8 de março – Dia Internacional da Mulher

Publicado em 08/03/2023 10:44

O dia 8 de março foi escolhido para celebrar o Dia Internacional da Mulher. A data existe como resultado de luta das mulheres trabalhadoras por meio de manifestações, greves, etc.

O dia teve origem no movimento operário, que plantou suas sementes lá em 1908, quando mulheres marcharam pela cidade de Nova York exigindo a redução das jornadas de trabalho, salário melhores e direito ao voto.

A proposta de tornar a data internacional veio de Clara Zetkin, ativista comunista e defensora dos direitos das mulheres, que deu a ideia em uma Conferência Internacional de Mulheres Socialistas, em Copenhagen, em 1910, mas só foi oficializada em 1975, quando a ONU começou a comemorar a data.

Ao contrário do que muitos pensam, a data de 8 de março não foi escolhida devido a um incêndio ocorrido em uma fábrica têxtil. Vários protestos e greves já ocorriam pela Europa e Estados Unidos desde a segunda metade do século XIX e o movimento feminista capitalizou essas manifestações.
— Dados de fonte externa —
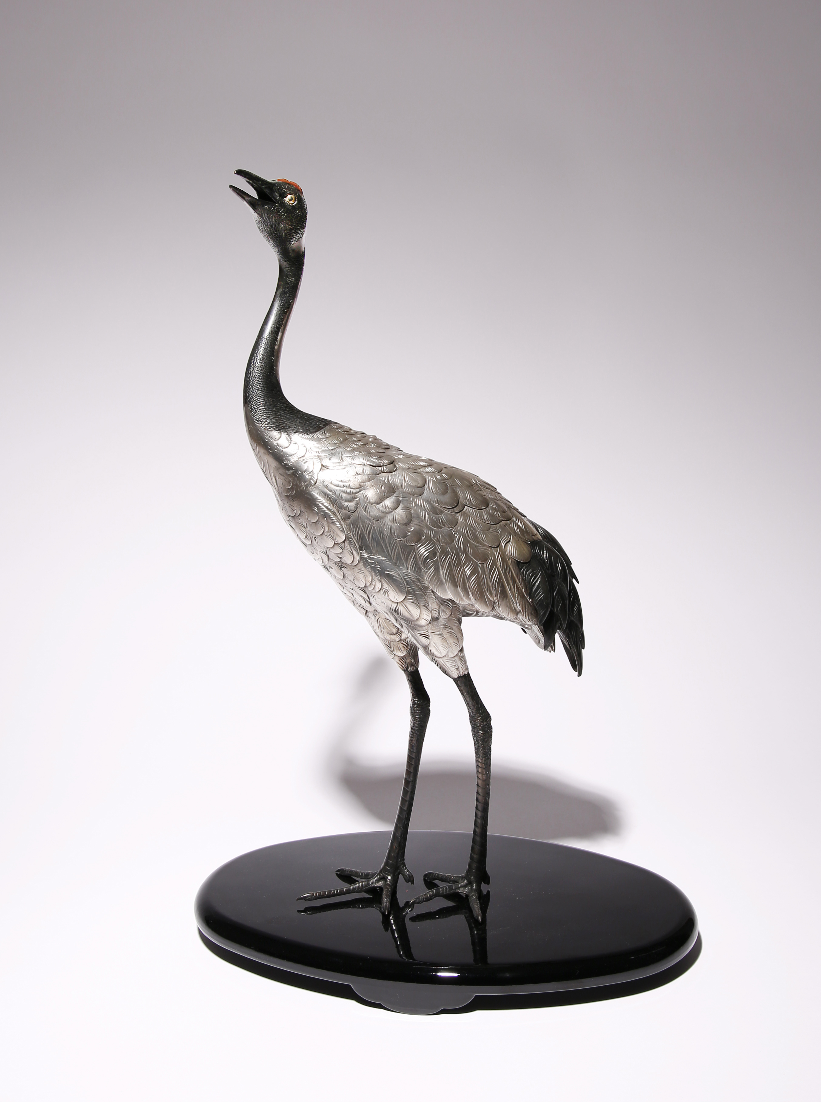 A JAPANESE SILVERED-BRONZE MODEL OF A CRANE BY MASAAKI
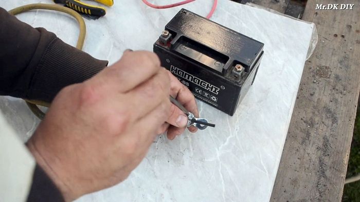 Такой способ сварки сопровождается коротким замыканием на аккумуляторе, что вызывает нагрев батареи. Если та закипит, то может взорваться. В связи с этим нельзя долго держать цепь замкнутой. Нужно делать паузы и периодически проверять температуру аккумулятора. В идеале его накрыть, чтобы в случае взрыва на тело не попали брызги кислоты. Вероятность этого очень мала, но перестраховка не помешает. Сварка забирает много энергии, поэтому одного заряда хватит буквально на пару минут.
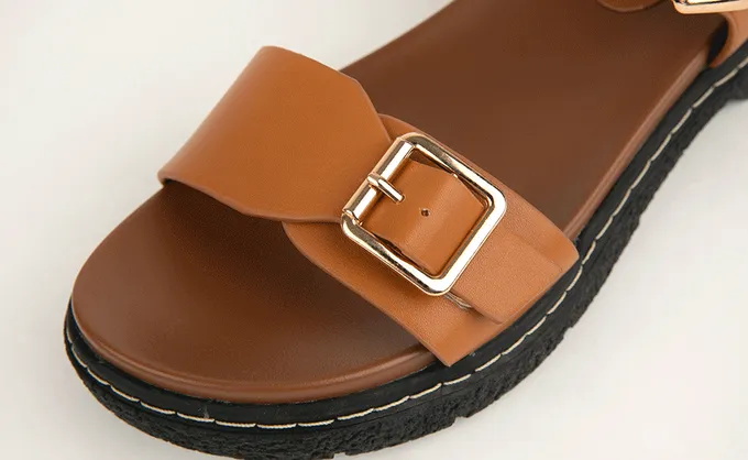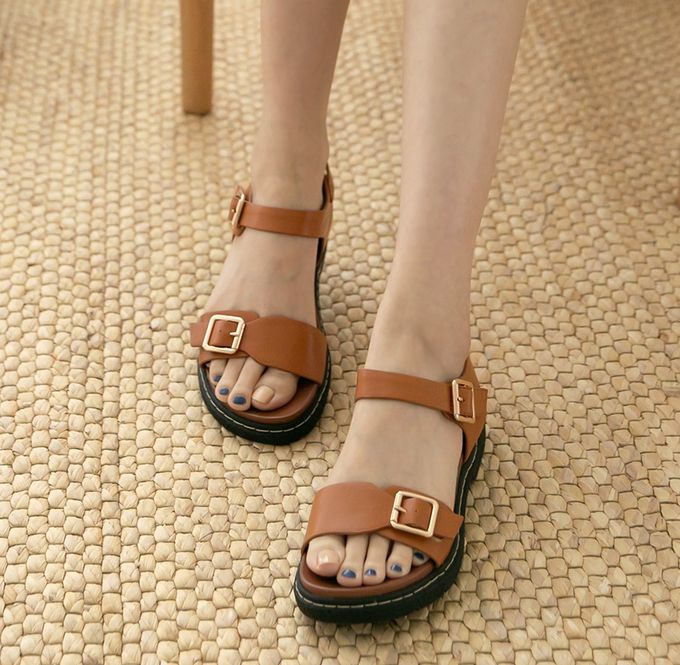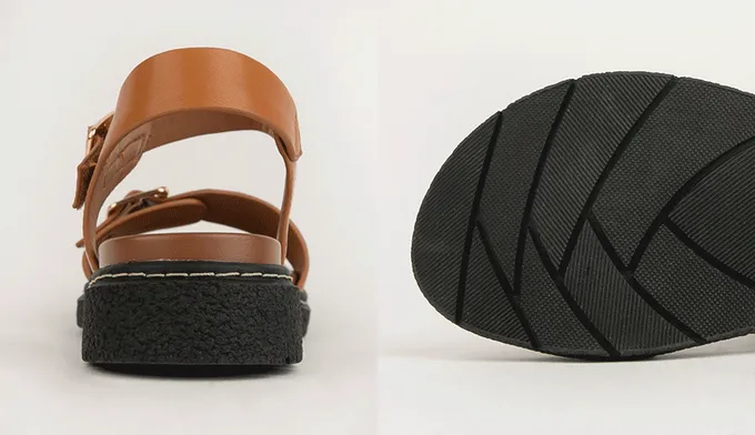 韓國 PINKELEPHANT - 率性感寬繫帶厚底涼鞋(4cm)-焦糖棕

Foi o que aconteceu em 8 de março de 1917, na Rússia.

O ano de 1917, na Rússia, foi marcado pelo movimento que derrubou a monarquia czarista e nesse clima de agitação, as mulheres trabalhadoras do setor de tecelagem entraram em greve, no dia 8 de março. A data entrou para a história como um grande feito de mulheres operárias.

O Brasil ocupa o 94º lugar no ranking do Fórum Econômico Mundial que mede a desigualdade de gênero em 146 países. O resultado de 2022 mostra uma piora em relação a 2020, quando ocupava a 92ª posição. Segundo especialistas, a piora mostra o efeito de um retrocesso em políticas públicas e a maior taxa de desemprego entre mulheres na pandemia.

Segundo o Global Gender Report de 2021, apenas 58,6% da população feminina global está no mercado de trabalho, em comparação com 78,9% dos homens. Essa lacuna de gênero na participação no mercado de trabalho pode ter consequências econômicas e sociais significativas.

Os dados de feminicídio são assustadores. O levantamento do Monitor da Violência aponta que em 2022, uma mulher foi morta a cada 6 horas apenas pelo fato de ser mulher.

A data é um momento para repensar a construção de uma sociedade sem desigualdade de gênero, para lembrar que nada se conquista sem coragem, vigília e muita luta. E também, para mostrar que as mulheres ainda não conquistaram o básico: o direito à vida.